*** Opening of Supplied information ***

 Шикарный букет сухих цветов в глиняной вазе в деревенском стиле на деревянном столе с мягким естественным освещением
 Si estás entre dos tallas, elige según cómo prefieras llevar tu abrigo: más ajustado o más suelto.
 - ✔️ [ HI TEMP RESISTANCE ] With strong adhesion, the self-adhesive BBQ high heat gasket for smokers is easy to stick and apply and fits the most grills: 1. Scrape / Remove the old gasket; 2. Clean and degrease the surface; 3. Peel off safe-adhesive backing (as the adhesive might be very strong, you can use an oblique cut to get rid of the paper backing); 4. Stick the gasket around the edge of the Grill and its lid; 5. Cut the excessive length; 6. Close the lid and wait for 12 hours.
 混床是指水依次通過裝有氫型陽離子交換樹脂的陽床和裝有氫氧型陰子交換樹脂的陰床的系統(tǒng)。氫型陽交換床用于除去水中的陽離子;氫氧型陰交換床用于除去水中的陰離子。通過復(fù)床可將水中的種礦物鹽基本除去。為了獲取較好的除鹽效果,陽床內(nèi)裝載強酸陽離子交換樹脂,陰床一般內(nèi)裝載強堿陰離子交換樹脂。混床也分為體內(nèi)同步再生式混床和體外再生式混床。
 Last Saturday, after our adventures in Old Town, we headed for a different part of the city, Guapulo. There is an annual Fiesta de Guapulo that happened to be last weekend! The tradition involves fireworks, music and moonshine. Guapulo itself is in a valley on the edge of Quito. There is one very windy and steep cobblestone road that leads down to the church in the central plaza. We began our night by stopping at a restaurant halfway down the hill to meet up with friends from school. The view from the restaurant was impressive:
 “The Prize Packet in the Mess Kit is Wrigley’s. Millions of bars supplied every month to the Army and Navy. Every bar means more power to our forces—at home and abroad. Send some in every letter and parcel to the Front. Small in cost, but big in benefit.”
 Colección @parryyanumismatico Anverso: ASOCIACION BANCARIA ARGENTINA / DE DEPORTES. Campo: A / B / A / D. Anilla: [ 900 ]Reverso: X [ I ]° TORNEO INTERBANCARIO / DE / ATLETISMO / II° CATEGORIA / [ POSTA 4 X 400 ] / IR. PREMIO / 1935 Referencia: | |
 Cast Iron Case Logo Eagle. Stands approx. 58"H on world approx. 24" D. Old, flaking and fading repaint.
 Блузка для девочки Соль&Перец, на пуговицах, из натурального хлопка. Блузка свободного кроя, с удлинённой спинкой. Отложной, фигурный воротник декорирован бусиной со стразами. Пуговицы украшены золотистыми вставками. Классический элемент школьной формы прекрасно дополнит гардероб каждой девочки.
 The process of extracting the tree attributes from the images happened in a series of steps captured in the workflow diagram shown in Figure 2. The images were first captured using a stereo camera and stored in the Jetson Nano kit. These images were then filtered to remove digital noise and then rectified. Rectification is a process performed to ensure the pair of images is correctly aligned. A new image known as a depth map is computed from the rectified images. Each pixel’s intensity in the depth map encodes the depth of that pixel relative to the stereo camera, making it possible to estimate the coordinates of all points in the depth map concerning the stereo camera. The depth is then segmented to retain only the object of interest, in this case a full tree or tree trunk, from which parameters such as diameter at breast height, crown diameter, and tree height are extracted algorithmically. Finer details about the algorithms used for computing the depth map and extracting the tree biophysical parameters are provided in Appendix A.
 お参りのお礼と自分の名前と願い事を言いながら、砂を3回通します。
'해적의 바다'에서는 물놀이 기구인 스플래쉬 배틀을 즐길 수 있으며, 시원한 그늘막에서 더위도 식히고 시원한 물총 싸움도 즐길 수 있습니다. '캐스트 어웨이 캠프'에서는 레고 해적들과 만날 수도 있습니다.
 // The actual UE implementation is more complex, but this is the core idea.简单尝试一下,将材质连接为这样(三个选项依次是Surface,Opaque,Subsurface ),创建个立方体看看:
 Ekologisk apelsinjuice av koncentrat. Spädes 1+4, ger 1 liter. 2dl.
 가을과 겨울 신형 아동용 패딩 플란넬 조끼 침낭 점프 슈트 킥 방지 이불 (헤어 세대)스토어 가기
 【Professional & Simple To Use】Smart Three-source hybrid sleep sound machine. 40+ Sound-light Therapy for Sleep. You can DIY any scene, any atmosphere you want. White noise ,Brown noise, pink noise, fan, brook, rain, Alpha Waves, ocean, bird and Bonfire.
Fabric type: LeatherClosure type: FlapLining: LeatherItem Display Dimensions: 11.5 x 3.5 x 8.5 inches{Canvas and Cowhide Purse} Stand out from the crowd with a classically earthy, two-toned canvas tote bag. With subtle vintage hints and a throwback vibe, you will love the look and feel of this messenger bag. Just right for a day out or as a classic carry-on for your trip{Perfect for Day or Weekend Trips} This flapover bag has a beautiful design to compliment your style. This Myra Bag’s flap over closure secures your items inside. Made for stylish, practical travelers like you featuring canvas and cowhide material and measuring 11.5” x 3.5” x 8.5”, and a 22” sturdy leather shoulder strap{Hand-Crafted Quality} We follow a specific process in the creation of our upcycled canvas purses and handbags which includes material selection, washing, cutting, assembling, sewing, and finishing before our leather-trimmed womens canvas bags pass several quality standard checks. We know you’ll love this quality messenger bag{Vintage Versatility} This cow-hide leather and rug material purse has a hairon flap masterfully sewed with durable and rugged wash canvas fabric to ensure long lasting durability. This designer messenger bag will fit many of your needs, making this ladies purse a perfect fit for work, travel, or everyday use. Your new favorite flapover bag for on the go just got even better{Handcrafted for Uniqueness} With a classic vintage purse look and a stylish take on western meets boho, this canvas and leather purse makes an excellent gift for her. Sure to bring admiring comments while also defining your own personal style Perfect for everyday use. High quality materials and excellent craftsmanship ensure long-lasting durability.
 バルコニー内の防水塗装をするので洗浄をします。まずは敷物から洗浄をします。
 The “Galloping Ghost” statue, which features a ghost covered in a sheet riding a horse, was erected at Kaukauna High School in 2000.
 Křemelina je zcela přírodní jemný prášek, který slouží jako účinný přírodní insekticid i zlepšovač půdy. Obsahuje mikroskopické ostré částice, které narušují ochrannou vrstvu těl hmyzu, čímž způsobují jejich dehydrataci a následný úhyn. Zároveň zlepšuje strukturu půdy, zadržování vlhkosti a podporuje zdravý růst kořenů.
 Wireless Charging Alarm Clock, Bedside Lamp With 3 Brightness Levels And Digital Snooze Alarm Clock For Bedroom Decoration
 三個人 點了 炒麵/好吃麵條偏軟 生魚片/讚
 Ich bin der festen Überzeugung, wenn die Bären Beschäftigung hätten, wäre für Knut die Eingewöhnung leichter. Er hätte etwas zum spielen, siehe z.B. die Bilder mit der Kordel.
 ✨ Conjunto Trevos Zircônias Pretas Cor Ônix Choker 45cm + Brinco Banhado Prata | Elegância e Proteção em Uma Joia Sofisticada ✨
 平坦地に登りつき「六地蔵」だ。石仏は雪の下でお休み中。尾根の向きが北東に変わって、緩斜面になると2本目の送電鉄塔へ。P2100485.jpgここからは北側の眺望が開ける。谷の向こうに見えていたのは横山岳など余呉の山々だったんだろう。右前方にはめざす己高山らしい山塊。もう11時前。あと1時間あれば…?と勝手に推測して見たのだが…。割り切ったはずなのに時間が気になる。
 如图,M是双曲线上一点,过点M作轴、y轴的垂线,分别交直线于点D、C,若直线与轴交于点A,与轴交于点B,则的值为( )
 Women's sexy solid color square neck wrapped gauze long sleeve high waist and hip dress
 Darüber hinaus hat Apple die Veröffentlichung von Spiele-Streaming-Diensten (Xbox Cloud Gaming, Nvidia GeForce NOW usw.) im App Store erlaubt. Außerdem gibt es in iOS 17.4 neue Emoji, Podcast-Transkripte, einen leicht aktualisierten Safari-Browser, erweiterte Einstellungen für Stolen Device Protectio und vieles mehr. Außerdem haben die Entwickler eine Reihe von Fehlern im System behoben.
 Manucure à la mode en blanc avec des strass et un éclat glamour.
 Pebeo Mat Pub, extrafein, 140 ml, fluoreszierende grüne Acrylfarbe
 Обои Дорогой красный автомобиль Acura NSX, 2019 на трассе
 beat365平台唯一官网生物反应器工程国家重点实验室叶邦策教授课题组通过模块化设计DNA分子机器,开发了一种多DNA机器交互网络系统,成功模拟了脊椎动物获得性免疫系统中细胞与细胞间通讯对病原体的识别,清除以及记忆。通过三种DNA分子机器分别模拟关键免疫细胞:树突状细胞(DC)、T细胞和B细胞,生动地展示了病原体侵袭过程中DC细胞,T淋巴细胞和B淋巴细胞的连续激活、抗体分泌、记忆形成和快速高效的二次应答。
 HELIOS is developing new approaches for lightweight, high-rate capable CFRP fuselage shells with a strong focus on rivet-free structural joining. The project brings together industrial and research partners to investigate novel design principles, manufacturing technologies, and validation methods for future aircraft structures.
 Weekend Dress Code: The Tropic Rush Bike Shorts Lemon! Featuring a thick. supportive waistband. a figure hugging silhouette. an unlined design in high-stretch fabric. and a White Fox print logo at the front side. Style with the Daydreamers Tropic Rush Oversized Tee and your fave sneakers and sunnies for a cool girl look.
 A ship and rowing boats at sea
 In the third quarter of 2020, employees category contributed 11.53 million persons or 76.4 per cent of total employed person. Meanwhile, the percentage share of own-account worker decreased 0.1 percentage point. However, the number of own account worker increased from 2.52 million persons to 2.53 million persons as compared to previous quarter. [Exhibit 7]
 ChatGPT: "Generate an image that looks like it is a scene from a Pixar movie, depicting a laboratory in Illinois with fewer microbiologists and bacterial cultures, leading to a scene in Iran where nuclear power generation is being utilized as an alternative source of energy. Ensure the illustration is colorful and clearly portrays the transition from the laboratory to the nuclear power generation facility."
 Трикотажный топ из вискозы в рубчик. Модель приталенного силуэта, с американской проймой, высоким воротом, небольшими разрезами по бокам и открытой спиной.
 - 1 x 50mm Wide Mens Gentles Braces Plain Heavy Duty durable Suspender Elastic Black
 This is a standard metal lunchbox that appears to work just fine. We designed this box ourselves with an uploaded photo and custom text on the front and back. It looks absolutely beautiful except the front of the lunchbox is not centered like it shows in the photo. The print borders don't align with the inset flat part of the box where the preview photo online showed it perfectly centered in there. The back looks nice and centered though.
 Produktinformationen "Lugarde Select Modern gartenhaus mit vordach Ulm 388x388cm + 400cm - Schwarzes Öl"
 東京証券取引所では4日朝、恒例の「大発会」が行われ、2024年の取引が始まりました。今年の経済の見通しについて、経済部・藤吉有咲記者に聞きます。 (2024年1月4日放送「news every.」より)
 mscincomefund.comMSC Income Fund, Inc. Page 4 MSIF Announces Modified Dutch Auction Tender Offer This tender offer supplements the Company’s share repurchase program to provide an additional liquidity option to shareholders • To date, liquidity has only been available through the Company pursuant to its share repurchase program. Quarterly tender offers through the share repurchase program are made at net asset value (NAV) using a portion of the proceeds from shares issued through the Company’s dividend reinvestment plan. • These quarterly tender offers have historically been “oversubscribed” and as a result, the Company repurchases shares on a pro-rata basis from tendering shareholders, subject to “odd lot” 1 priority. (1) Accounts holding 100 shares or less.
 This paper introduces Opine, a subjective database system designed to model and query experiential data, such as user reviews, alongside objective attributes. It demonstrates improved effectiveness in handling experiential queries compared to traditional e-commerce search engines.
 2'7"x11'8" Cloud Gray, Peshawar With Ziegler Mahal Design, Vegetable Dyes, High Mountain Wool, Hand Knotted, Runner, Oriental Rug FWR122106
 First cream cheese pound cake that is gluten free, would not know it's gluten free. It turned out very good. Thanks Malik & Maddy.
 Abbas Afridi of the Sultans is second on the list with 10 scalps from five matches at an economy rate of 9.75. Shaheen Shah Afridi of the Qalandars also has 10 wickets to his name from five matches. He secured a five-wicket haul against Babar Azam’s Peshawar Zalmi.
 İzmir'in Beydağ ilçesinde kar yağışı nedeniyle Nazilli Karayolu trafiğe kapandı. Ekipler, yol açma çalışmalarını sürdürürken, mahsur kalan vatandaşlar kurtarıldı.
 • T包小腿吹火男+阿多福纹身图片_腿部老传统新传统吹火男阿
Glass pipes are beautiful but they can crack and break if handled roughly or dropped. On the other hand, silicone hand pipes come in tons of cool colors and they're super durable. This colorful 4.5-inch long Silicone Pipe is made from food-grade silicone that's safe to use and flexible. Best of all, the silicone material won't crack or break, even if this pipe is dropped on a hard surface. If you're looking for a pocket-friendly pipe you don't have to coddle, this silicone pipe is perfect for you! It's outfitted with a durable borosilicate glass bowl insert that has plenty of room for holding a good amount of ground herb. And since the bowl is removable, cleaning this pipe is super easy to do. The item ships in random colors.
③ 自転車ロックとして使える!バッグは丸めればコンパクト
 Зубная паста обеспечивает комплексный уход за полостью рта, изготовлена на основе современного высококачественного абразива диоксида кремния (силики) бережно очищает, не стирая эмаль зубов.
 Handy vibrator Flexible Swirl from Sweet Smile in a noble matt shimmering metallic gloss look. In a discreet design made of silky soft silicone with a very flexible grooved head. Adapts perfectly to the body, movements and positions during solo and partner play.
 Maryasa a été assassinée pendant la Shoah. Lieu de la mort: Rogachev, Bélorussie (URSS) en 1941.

*** Close of Supplied information ***

Task to complete. Every line in the entries above that has the word "Peshawar" should be identified and copied.

Result of the task.
 2'7"x11'8" Cloud Gray, Peshawar With Ziegler Mahal Design, Vegetable Dyes, High Mountain Wool, Hand Knotted, Runner, Oriental Rug FWR122106
 Abbas Afridi of the Sultans is second on the list with 10 scalps from five matches at an economy rate of 9.75. Shaheen Shah Afridi of the Qalandars also has 10 wickets to his name from five matches. He secured a five-wicket haul against Babar Azam’s Peshawar Zalmi.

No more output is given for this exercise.